Topics

Basic Filtering

Label vs position selection: Use .loc for label-based indexing, .iloc for positional indexing.

  • .loc: Index labels or boolean masks
  • .iloc: Integer positions
df.loc['2025-01-01']           # select rows with index label "2025-01-01"
df.loc[df['value'] > 0, 'id']  # filter rows by condition, get 'id'
df.iloc[0:5, [1, 3]]           # first 5 rows, columns at 1 and 3

.at (label-based) or .iat (position-based) are faster for single value access

Boolean filtering: Boolean masks filter DataFrames. Combine conditions with & (AND), | (OR), and use parentheses.

mask = (df['age'] > 30) & (df['income'] < 50_000)
subset = df[mask]
subset = df[df['category'] != 'X']

.isin performs membership checks:

df[df['country'].isin(['USA', 'Canada'])]
df[df['score'].between(0, 100)]    # numeric range filter (inclusive)

Query strings: Filter using DataFrame.query(expr) with pandas-safe expression strings. Concise, leverages numexpr engine for speed.

df.query('age > 30 and income < 50000')
min_val = 5
df.query('value >= @min_val or category == "A"')  # use @ for external vars

Tip

query/eval may be faster than complex boolean indexing, avoids intermediate arrays.

Filtering with eval: Use df.eval("df.col > 2") using expression strings (can also include boolean masks). Vectorized evaluation improves performance for complex expressions.

import math
df[df.eval('math.sin(df.a)>0')] # fast filtering

Multi-index slicing: Use .loc with tuples/pd.IndexSlice for DataFrames with MultiIndex to slice by partial levels.

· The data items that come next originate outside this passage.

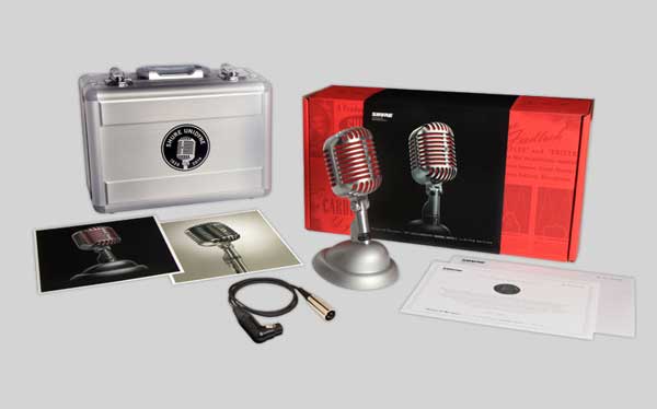 Shure 5575 LE Unidyne, limited 55 "Elvis" microphone for the 75. anniversary, limited quantity worldwide 5575 pieces, dynamic capsule, cardioid, 50 Hz - 20.000 Hz, -58 dBV/1,58 mV/Pa, especially for vocals and speech, red interior foam, Original Design with metall housing and Vintage Emblem, table stand made of diecast with silver polish, incl. 1m XLR cable, certificate of Authenticity of Rose Shure and Unidyne pictures coloured and black/white, Aluminium-Carry case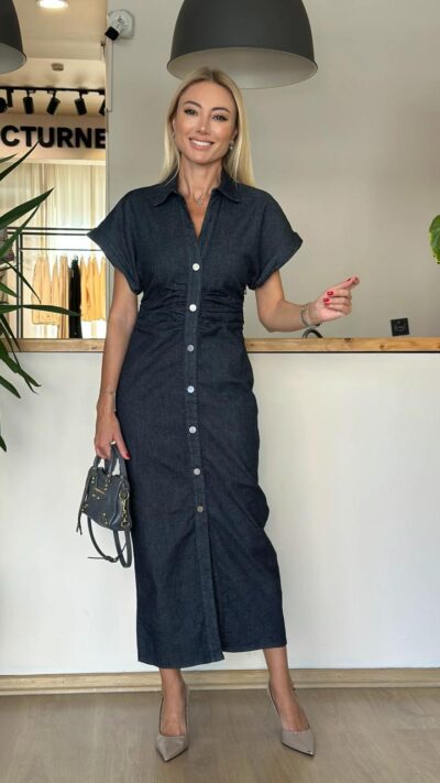 Dark Denim Button Down Midi Dress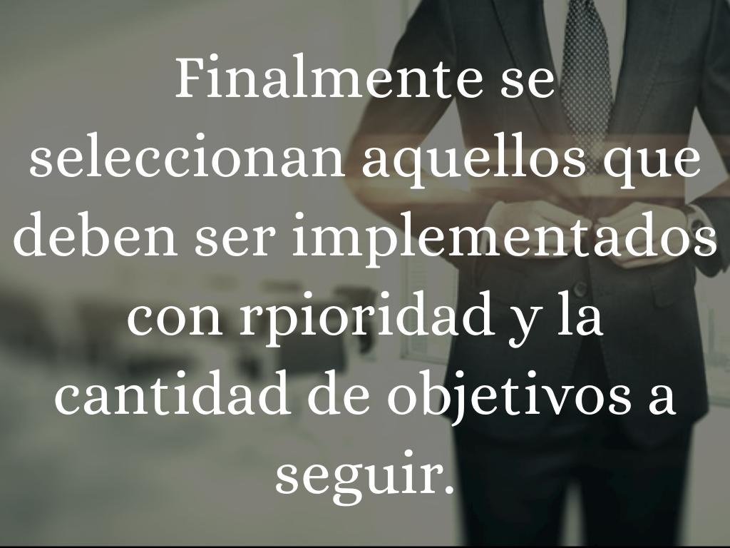 Finalmente se seleccionan aquellos que deben ser implementados con rpioridad y la cantidad de objetivos a seguir.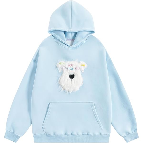 - 【Unique Graphic Hoodie】This Aelfric Eden Y2K graphic hoodie features a playful 3D plush dog with decorative hair clip, adding a fun and stylish touch to your streetwear wardrobe, stand out at parties or casual fashion daily wear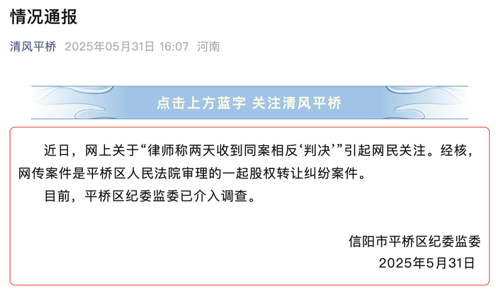 5月31日,河南信阳市平桥区纪委监委发布情况通报:近日,网上关于“律师称两天收到同案相反‘判决’”引起网民关注。经核,网传案件是平桥区人民法院审理的一起股权转让纠纷案件。目前,平桥区纪委监委已介入调查。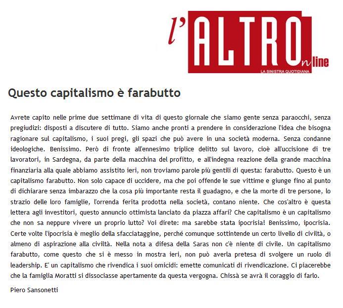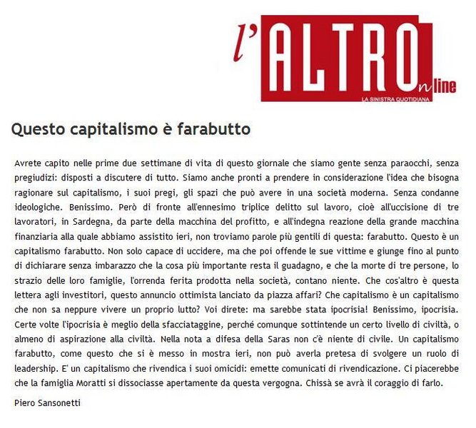 "…di fronte all'ennesimo triplice delitto sul lavoro, cioè all'uccisione di tre lavoratori, in Sardegna, da parte della macchina del profitto, e all'indegna reazione della grande macchina finanziaria alla quale abbiamo assistito ieri, non troviamo parole più gentili di questa: farabutto. Questo è un capitalismo farabutto. Non solo capace di uccidere, ma che poi offende le sue vittime e giunge fino al punto di dichiarare senza imbarazzo che la cosa più importante resta il guadagno, e che la morte di tre persone, lo strazio delle loro famiglie, l'orrenda ferita prodotta nella società, contano niente. Che cos'altro è questa lettera agli investitori, questo annuncio ottimista lanciato da piazza affari? Che capitalismo è un capitalismo che non sa neppure vivere un proprio lutto? Voi direte: ma sarebbe stata ipocrisia! Benissimo, ipocrisia. Certe volte l'ipocrisia è meglio della sfacciataggine, perché comunque sottintende un certo livello di civiltà, o almeno di aspirazione alla civiltà. Nella nota a difesa della Saras non c'è niente di civile. Un capitalismo farabutto, come questo che si è messo in mostra ieri, non può averla pretesa di svolgere un ruolo di leadership. E' un capitalismo che rivendica i suoi omicidi: emette comunicati di rivendicazione. Ci piacerebbe che la famiglia Moratti si dissociasse apertamente da questa vergogna. Chissà se avrà il coraggio di farlo."

  • Example: df.loc[('StoreA', slice('2025-01','2025-02')), :] selects data for StoreA in Jan-Feb 2025
  • Use df.xs() (cross-section) to select along a level by label: df.xs('StoreA', level='store')

Select and Assign

Conditional assignment: Use np.where for vectorized if-else logic. It chooses elements from two options based on a boolean condition array:

df['sign'] = np.where(df['balance'] >= 0, 'Positive', 'Negative')

For multiple conditions, use np.select:

conditions = [df['score'] >= 90, df['score'] >= 60]
choices = ['A', 'B']
df['grade'] = np.select(conditions, choices, default='C')

These are much faster than iterating or using apply row by row.

DataFrame.where and mask: df.where(cond, other) keeps original values where cond is True and uses other where False. df.mask(cond, other) does the inverse (replaces where condition is True). This is useful for bulk value setting:

df['adjusted'] = df['value'].where(df['value'] >= 0, 0)  # set negatives to 0
# equivalent using mask:
df['adjusted'] = df['value'].mask(df['value'] < 0, 0)

Tip

You can also fill entire DataFrame cells conditionally (e.g., replace all negative entries with NaN: df.mask(df < 0, np.nan)).